As Martin approached the house, with Mark behind him and Silvester carrying Mark’s luggage behind them both, uniformed servants bowed and opened the door. Martin smiled at Mark and invited him indoors. “Make yourself at home!”

That night at dinner, the servants brought out dish after dish of delicious-smelling foods and placed it in front of the three diners. But Martin and his wife Cynthia didn’t notice. They were too busy arguing over her latest acquisitions.

“Fourteen thousand for a pair of shoes?” Martin yelled. “What do you think I am, made of money? You already have a hundred pairs of shoes!”

“It’s not like you earned the money, you cheapskate!” Cynthia shot back. “You’re just lucky your daddy was rich. And I brought a hefty inheritance of my own to this marriage, don’t forget. Also, I only have ninety-three pairs of shoes, not one hundred!”

“I don’t care how many shoes you have, woman, the way you burn through money is unacceptable!”

“Stop screaming at me,” Cynthia shouted back. “No one treated me like this at home!”

“THIS is your home, in case you’ve forgotten,” her husband retorted. “And the reason no one screamed at you back in your childhood home is because you are a spoilt brat and they’re the ones who spoiled you!”

Mark shrank back from the fight ensuing before him. He felt sorry for himself, but even more sorry for the servants who no doubt had to endure this regularly.

Martin and Cynthia screamed at each other through every course, totally ignoring Mark. Mark lost his appetite, picking at his food. It was amazing how negative energy could ruin an entire dinner.

At the end of the meal, after the servanst cleared the plates, Cynthia stormed off and a tired Martin turned to Mark, “I’m sorry you had to witness that, Martin said. “But let that serve as a warning to you. Be grateful you’re not married. Women are the worst.”

Martin shook his head as he climed wearily up the stairs. “I need to go to bed.

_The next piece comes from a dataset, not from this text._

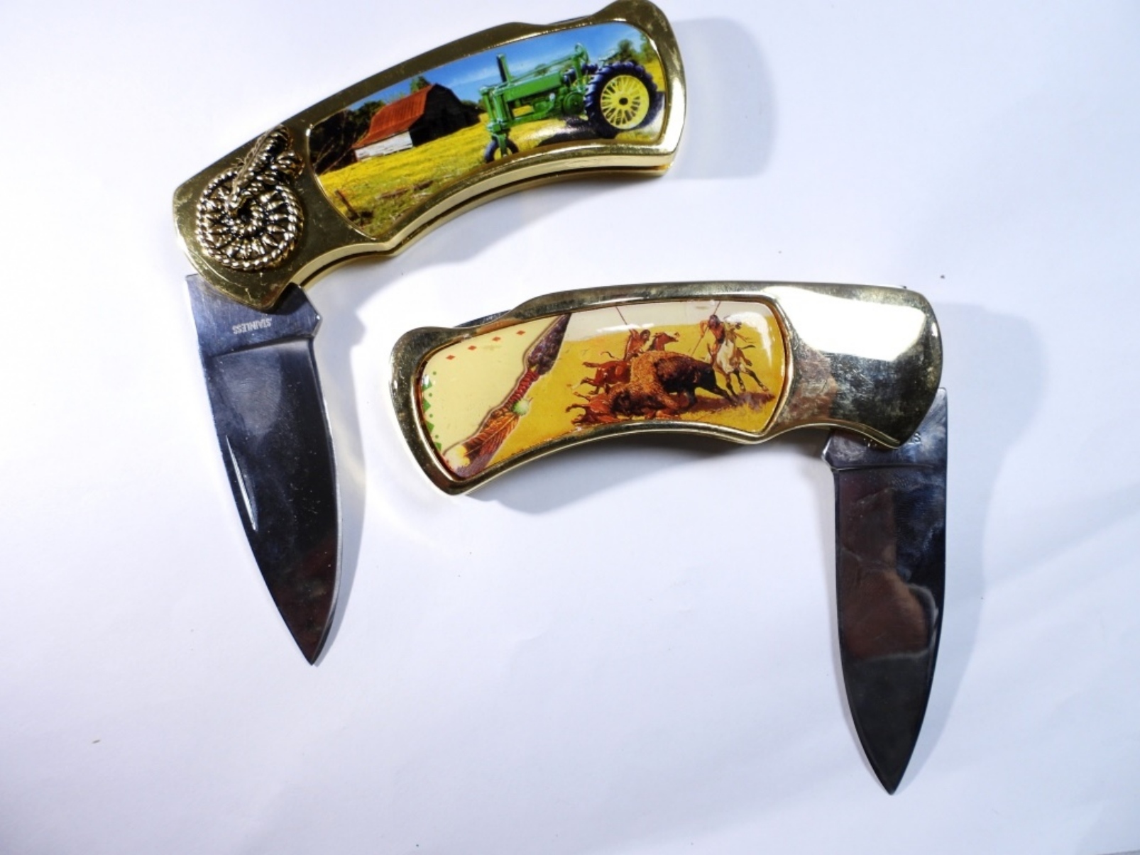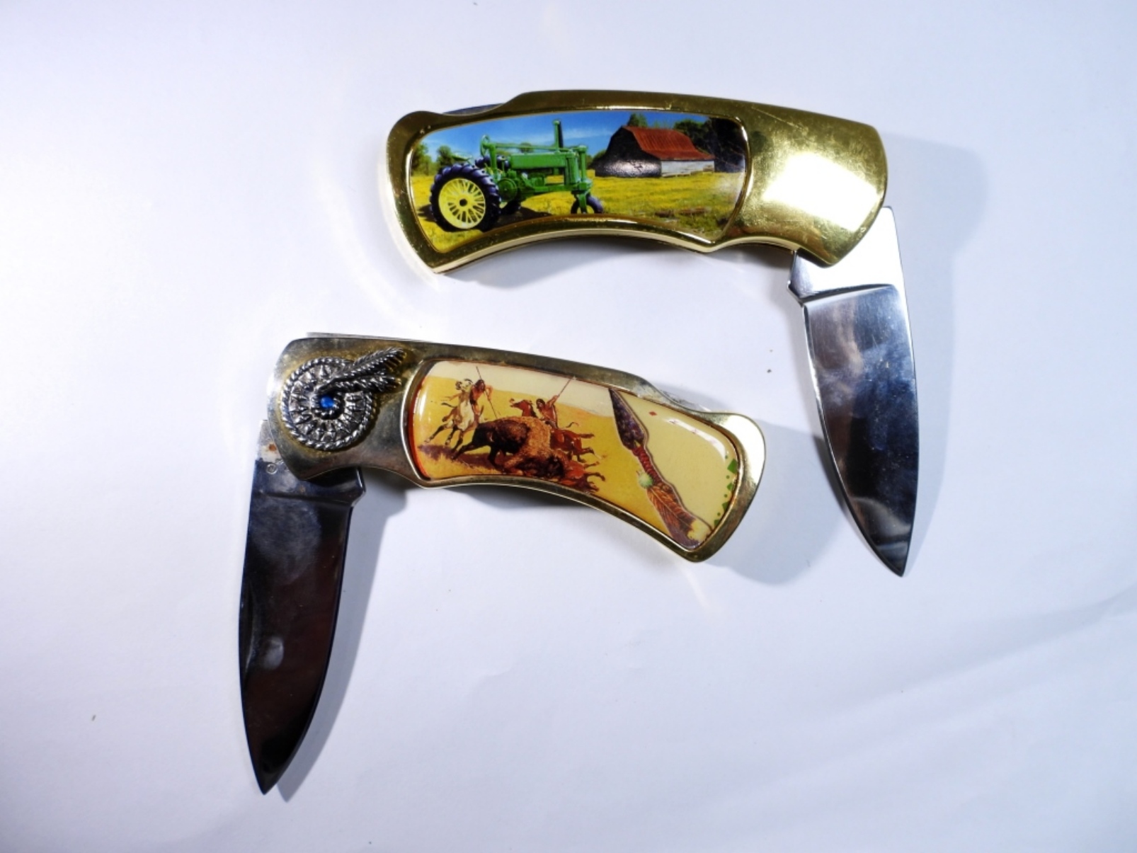 (2) TRACTOR/INDIAN STYLE POCKET KNIVES, BLADE 3”, KNIFE 7” ALL TOGETHER, KNIVES DO NOT COME IN ORIGINAL BOXES
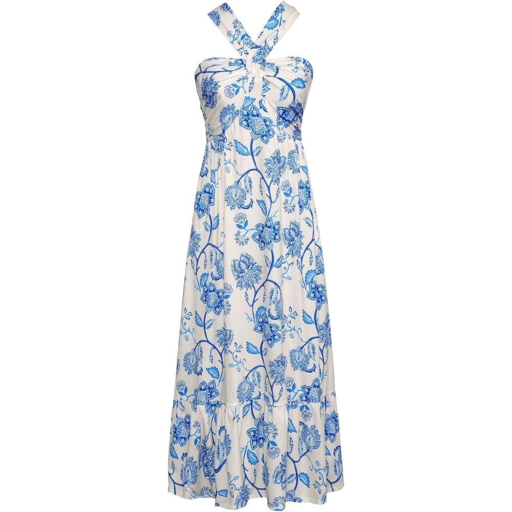 Don’t miss out on our limited-time offer: buy GRACE KARIN 2025 Women’s Criss Cross Halterneck Sleeveless Summer Floral Print Flowy A Line Maxi Dress(Beige Blue), get a free {accessory}!

I’m afraid I’m not quite up to being good company for you. But Silvester will be happy to take you on an evening tour of the city if you like. Silvester!” Martin snapped his fingers, and his middle-aged chauffeur materialized at his side.

“Take care of my cousin Mark, will you? Take him wherever he wishes to go.”

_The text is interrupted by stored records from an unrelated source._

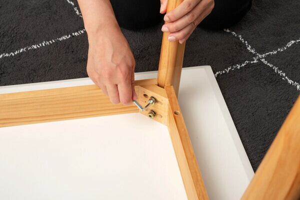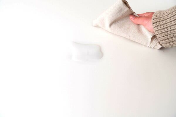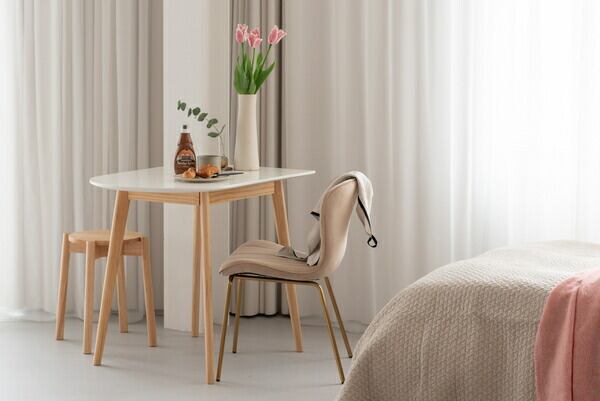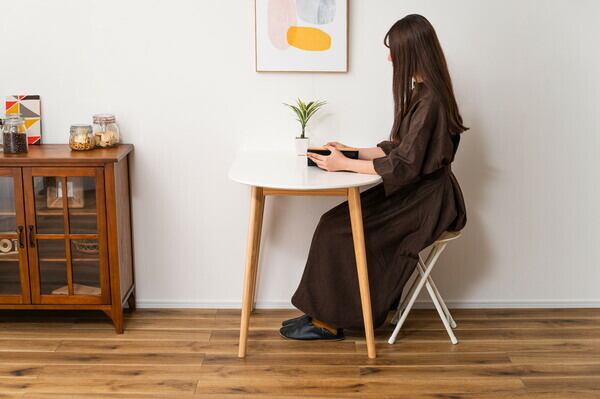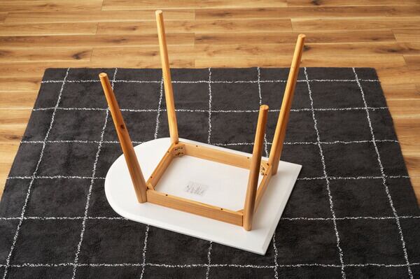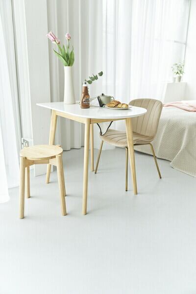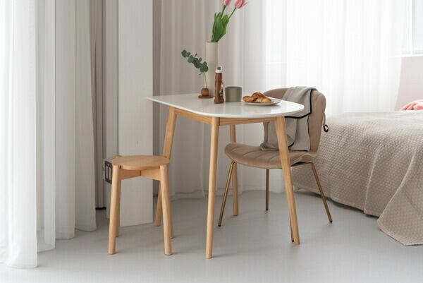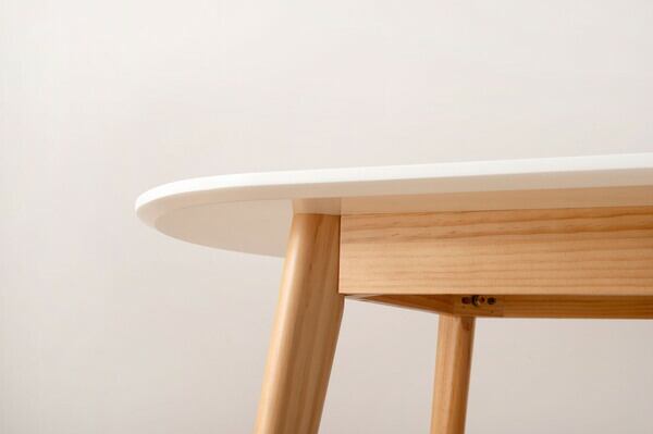 一辺に曲線を取り入れたやさしいフォルムで、凹凸のない滑らかなホワイト天板と、天然木の脚の組み合わせが可愛らしさを演出してくれます。
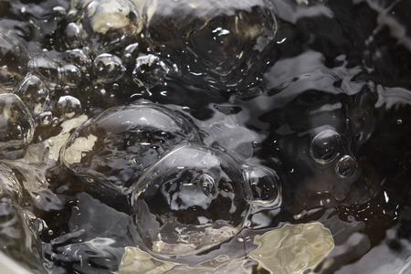 boiling water with macro bubbles close-up on black kitchen stove for cooking
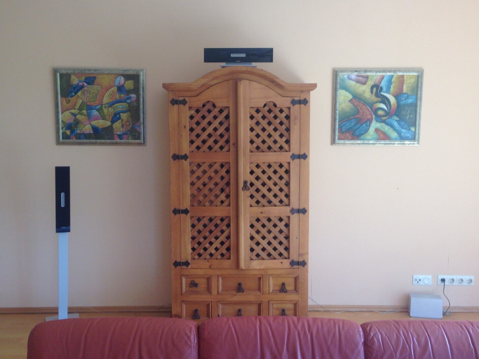- Weinschrank aus mexikanischer Palomino-Pinie sowie rotes Leder-L-Sofa
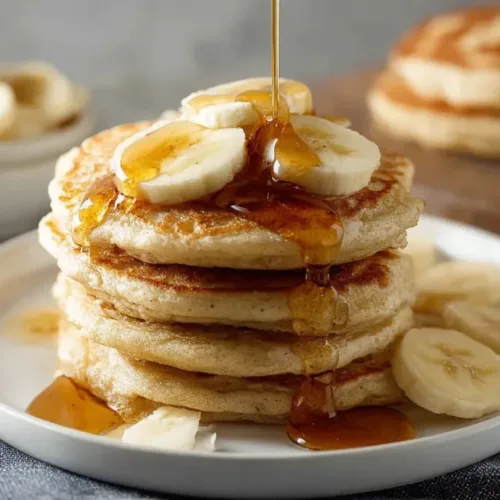 Serve these delightful pancakes warm, topped with fresh banana slices and a generous drizzle of maple syrup. You can also add a sprinkle of powdered sugar or chopped nuts for extra flavor and texture.
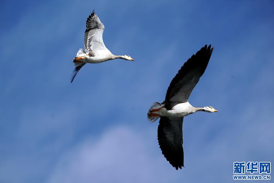 天光云影,百鳥翔集,一群赤麻鴨在都蘭湖國家濕地公園上空飛翔。(11月21日攝)新華網(wǎng) 潘彬彬攝
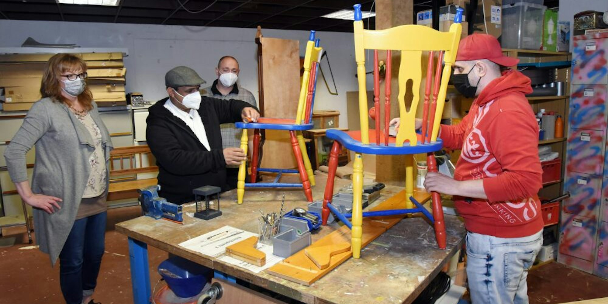 Weil keine Kundschaft ins Geschäft darf, haben die Mitarbeiter und acht AGH-Kräfte mehr Zeit als sonst, und sie haben kreative Ideen entwickelt, sie zu nutzen, indem sie nicht nur gebrauchte Möbel restaurieren, sondern ihnen auch noch ein angesagtes Upcycling verpassen. So haben sie zum Beispiel aus zwei Stühlen und einem Brett fürs Urlaubsfeeling zu Hause eine kunterbunte „Mallorcabank“ gebaut, mit Ablage für Cocktails. Ein schlichter Bilderrahmen strahlt im edlen Gold mit integriertem Kerzenleuchter, und auf die Schubladen einer Kommode kann dank einer Spezialfolie im Schultafel-Look mit Kreide drauf geschrieben werden, was drin ist.
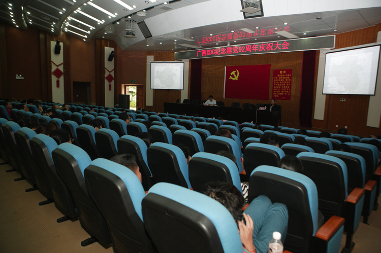 7月1日,廣西自治區疾病預防控制中心召開黨員大會,隆重慶祝中國共產黨成立92周年,大會對榮獲2011—2012年度區直機關工委優秀共產黨員名、2011—2012年度自治區衛生廳和自治區疾病預防控制中心的先進基層黨組織、優秀共產黨員和優秀黨務工作者進行表彰。中心黨政班子成員和全體黨員及入黨積極分子近300人參加此次活動。

“Yes sir,” the servant bowed and Martin went upstairs and closed the door.

“Where would you like to go, sir?” Silvester asked, turning to Mark.

Now that the pressure had receded, Mark found himself becoming hungry again.

“Where can I find the most delicious food in the city?” he asked.

Silvester thought a moment, then smiled. “I know just the place,” he said.

Twenty minutes later, Mark found himself standing in front of an ordinary-looking house in an ordinary-looking neighborhood.

“This is a restaurant?” Mark asked, puzzled.

“No,” Silvester said. “It is my house.”

“But…”

The chauffeur smiled. “You asked for the most delicious food in the whole city. This is it. My wife is a fantastic cook. And best of all, it is free!”

Mark blinked in surprise, but followed the chauffeur inside.

“Sil!” A woman inside exclaimed as she greeted Martin’s chauffeur with a kiss. “I didn’t expect you home so soon.”

“I brought a friend, Daisy, her husband said, gesturing to Mark. “This is Mark.”

“Nice to meet you,” said Mark.

“I told him you made the most delicious food in the city. So I brought him here to try it,” Silvester explained.

“Welcome,” Daisy smiled at Mark. Then she turned to call up the stairs: “Kids, your father is home, come down for dinner!”

Three children, between the ages of five and ten tumbled down the stairs and ran to Silvester. “Papa!” they cried as he bent to hug and kiss each of them.

“We have a guest for dinner,” Silas said. “This is Mr. Mark. And this is Amy, Minnie, and Johnny.”

“It is very nice to meet you,” Mark said as the kids ducked shyly behind their father.

That night as they gathered around the table, Mark observed the older girls putting food in the bowl for their younger brother, and Daisy and Silvester chatting warmly with each other, their children, and Mark. They smiled as they passed the dishes to each other, eating and conversing happily.

Mark noted that the food was not as fancy as the dishes he had seen at Martin’s mansion, but as he ate, surrounded by the warmth of the small family, he had to admit: it was the most delicious food in the city…perhaps the whole world.